33. We have further taken note in respect of the issue of delay that though delay by itself is not sufficient to quash the impugned order awarding the penalty upon the applicant yet the same is to be reckoned while deciding the proportionality of sentence. Admittedly, the action of the applicant was in the interest of the respondent organization and also that the applicant is an M.Tech from the Indian Institute of Technology, who has been suffering on account of this proceeding pending, both in matters of promotions and in reputation. The very fact is that pendency of the departmental proceeding is sufficient to reduce the morals of the officers down to the dumps. They do not remain capable of taking bold decisions which are required to be taken in the heat of work.
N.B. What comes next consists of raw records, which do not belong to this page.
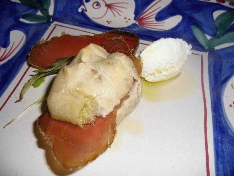 Tra i primi piatti, paccheri con crema di zucchine e bottarga di tonno, un gioco di contrasto facile facile ma gustoso e – più robusti – gli ziti conditi con la «bolognese di tonno» ricetta che, insieme alla genovese di tonno di Pasquale Torrente, ci ricorda quanto questo pesce sia davvero la “carne del mare”. Sapori decisi, forti, la sapidità marina si arrende dolcemente solo di fronte all'olio d'oliva.
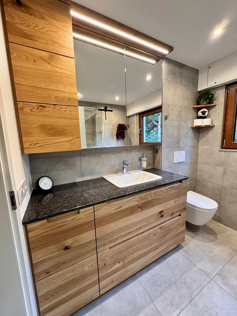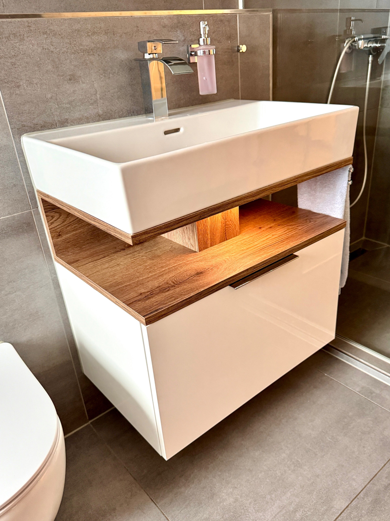 Trendige Massivholzwaschtische und durchdachte Lösungen erwarten Sie.
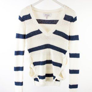 Derek Lam 10 Crosby Creme Striped Lace-Up Sweater
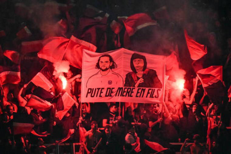 PSG taraftarı, Rabiot'nun menajerliğini üstlenen annesi ve Rabiot'nun fotoğraflarının bulunduğu bir pankart açarak "O....u ve o.......n ç....u" şeklinde küfürlü tezahüratlarda bulundu.
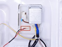Use your fingers to squeeze and disconnect the fan cable connector from the back wall of the freezer.
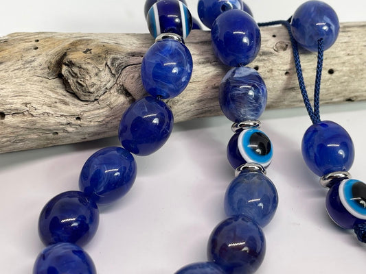 Dark Blue Evil Eye Worry Beads – Greek Gift – Relaxing Beads – Blue Komboloi
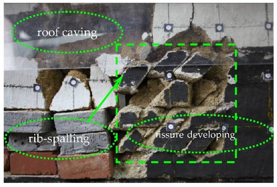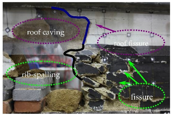Based on the above physical simulation analysis, it is clear that the form and extent of coal wall rib-spalling instability depend on the state of the coal seam joint fissures development area, and the development state of coal seam joint fissures is related to the combination of the coal seam joints. As a result of the sinking of the roof slab and the coal wall rib-spalling, the fissures in the roof slab at the end of the working face are gradually developed. The rib-spalling of the coal wall makes the caving at the end of the working face more obvious and the stability of the end face surrounding the rock is poor. The maximum height of the caving is about 150 mm, and the maximum width of the caving is about 350 mm.
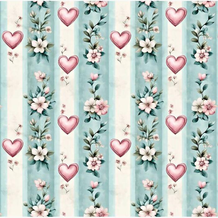 Tecido Tricoline Digital Romance Coração Listrado
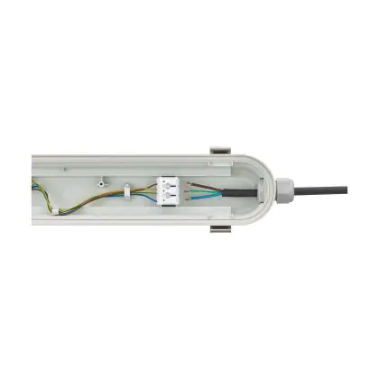 Questo apparecchio può essere usato sia in spazi interni che in spazi esterni, poiché ha indice di protezione contro l'ingresso di acqua e polvere IP65. In generale, un apparecchio con IP44 è resistente a schizzi di acqua e umidità, e può quindi essere installato in spazi esterni molto umidi o esterni riparati, come sono una tettoia. Un apparecchio che invece verrà esposto a intensi getti di acqua deve avere almeno IP54. Questa lampada ha anche un indice di resistenza a urti e impatti di IK08 - 5 Joule.

At the same time, we also admit that such observations would have been more suitable for the Honble Supreme Court which is armed with powers under Section 142 and not with the Tribunal which is confined only to exercise of power under Rule 226 in a limited manner. Yet, taking into account the above factors, namely the applicant acting in the interest of the organization, no personal allegation of malafide or misappropriation being there and the immense delay caused in initiating the action against him and completing the same, we are prone to take a view that this action has already harmed the career prospects of the applicant and is likely to do so in a major way in the future when he comes up for being considered as Additional Secretary or for higher ranks. We are also afraid that if such exercise of uncontrolled exuberance in the interest of organization leads punishment, it will serve to dampen the other young officers, who sometimes exceed the law in the interest of the work and for the people. Therefore, taking note that while law has to be implemented what is more important is justice must be delivered. Keeping in view the facts of the case, we are of the view that the punishment inflicted in both the cases should not relate back to the date of issuance of chargememo, i.e., 11.02.2008 and 03.07.2008, but should relate back to the year to which the charges relate, i.e., 1998. In other words, the impact of the punishment should take effect from the date of the alleged charge, i.e., 1998, and not from the date the chargesheet was issued, i.e., 11.02.2008 and 03.07.2008. With this, the OA is disposed of. No order as to costs.